## WHAT IS REQUIRED
Beginning at the line containing "Arsa metrekare birim", repeat each line below exactly up to and including the line containing "从债券市场存量现状来看,剩余". Do not repeat the pictures.

## DATA EXCERPTS
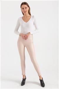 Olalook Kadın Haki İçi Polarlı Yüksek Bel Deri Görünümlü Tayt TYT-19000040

==

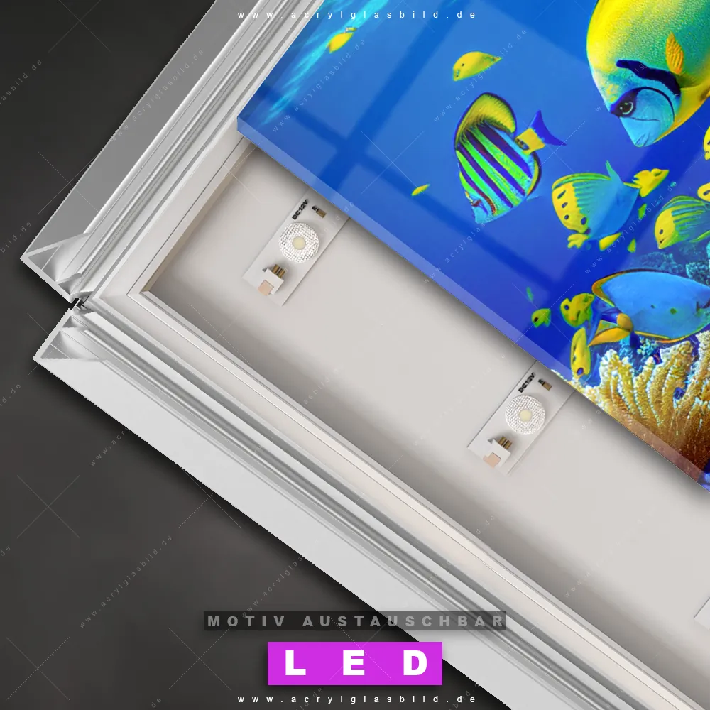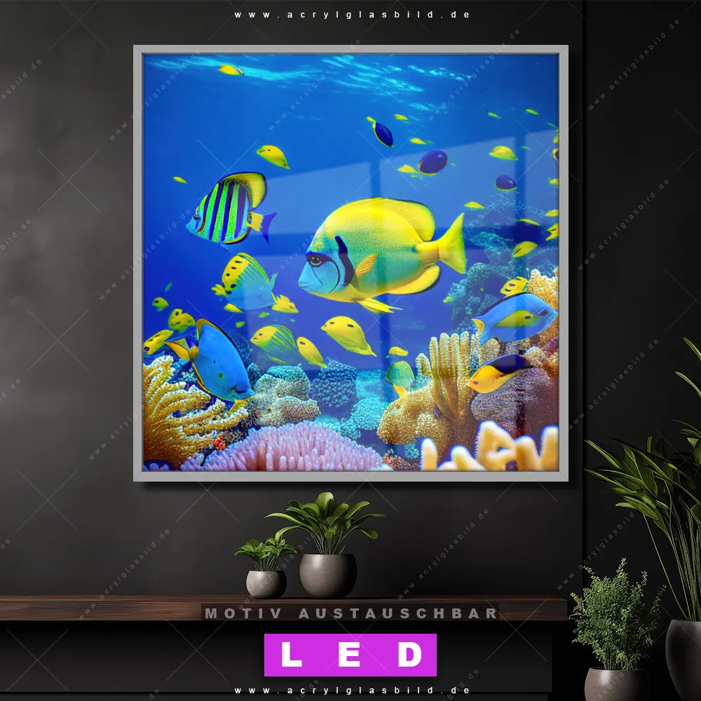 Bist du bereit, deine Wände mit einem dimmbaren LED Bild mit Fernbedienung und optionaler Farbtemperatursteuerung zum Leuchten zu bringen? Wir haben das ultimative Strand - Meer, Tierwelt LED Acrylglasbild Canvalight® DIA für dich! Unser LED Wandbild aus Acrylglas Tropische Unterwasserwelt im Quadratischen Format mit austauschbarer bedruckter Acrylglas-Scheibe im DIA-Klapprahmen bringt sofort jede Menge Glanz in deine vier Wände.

--

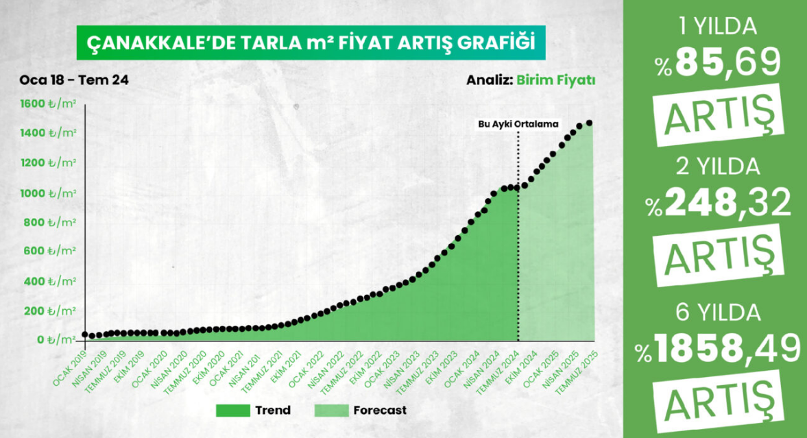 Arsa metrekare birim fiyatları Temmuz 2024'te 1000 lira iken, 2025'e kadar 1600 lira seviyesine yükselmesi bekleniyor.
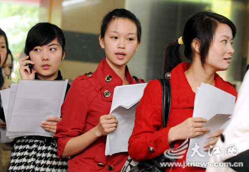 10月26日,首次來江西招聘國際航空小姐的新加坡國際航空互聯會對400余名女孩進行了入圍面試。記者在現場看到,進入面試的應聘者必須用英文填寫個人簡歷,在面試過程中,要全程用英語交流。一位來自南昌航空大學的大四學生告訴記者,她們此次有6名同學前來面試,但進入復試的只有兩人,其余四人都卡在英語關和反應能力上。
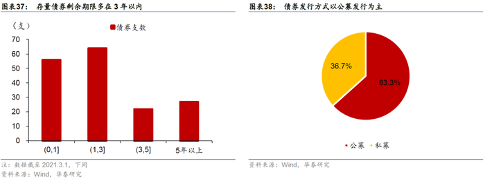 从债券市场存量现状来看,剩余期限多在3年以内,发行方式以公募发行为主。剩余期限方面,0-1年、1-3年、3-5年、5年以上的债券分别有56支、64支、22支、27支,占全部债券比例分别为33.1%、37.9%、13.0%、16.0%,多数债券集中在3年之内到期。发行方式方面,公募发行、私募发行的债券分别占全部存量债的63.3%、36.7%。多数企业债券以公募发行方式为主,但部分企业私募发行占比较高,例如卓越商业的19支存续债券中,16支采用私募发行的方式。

## RESPONSE TO THE EXERCISE
 Arsa metrekare birim fiyatları Temmuz 2024'te 1000 lira iken, 2025'e kadar 1600 lira seviyesine yükselmesi bekleniyor.
 10月26日,首次來江西招聘國際航空小姐的新加坡國際航空互聯會對400余名女孩進行了入圍面試。記者在現場看到,進入面試的應聘者必須用英文填寫個人簡歷,在面試過程中,要全程用英語交流。一位來自南昌航空大學的大四學生告訴記者,她們此次有6名同學前來面試,但進入復試的只有兩人,其余四人都卡在英語關和反應能力上。
 从债券市场存量现状来看,剩余期限多在3年以内,发行方式以公募发行为主。剩余期限方面,0-1年、1-3年、3-5年、5年以上的债券分别有56支、64支、22支、27支,占全部债券比例分别为33.1%、37.9%、13.0%、16.0%,多数债券集中在3年之内到期。发行方式方面,公募发行、私募发行的债券分别占全部存量债的63.3%、36.7%。多数企业债券以公募发行方式为主,但部分企业私募发行占比较高,例如卓越商业的19支存续债券中,16支采用私募发行的方式。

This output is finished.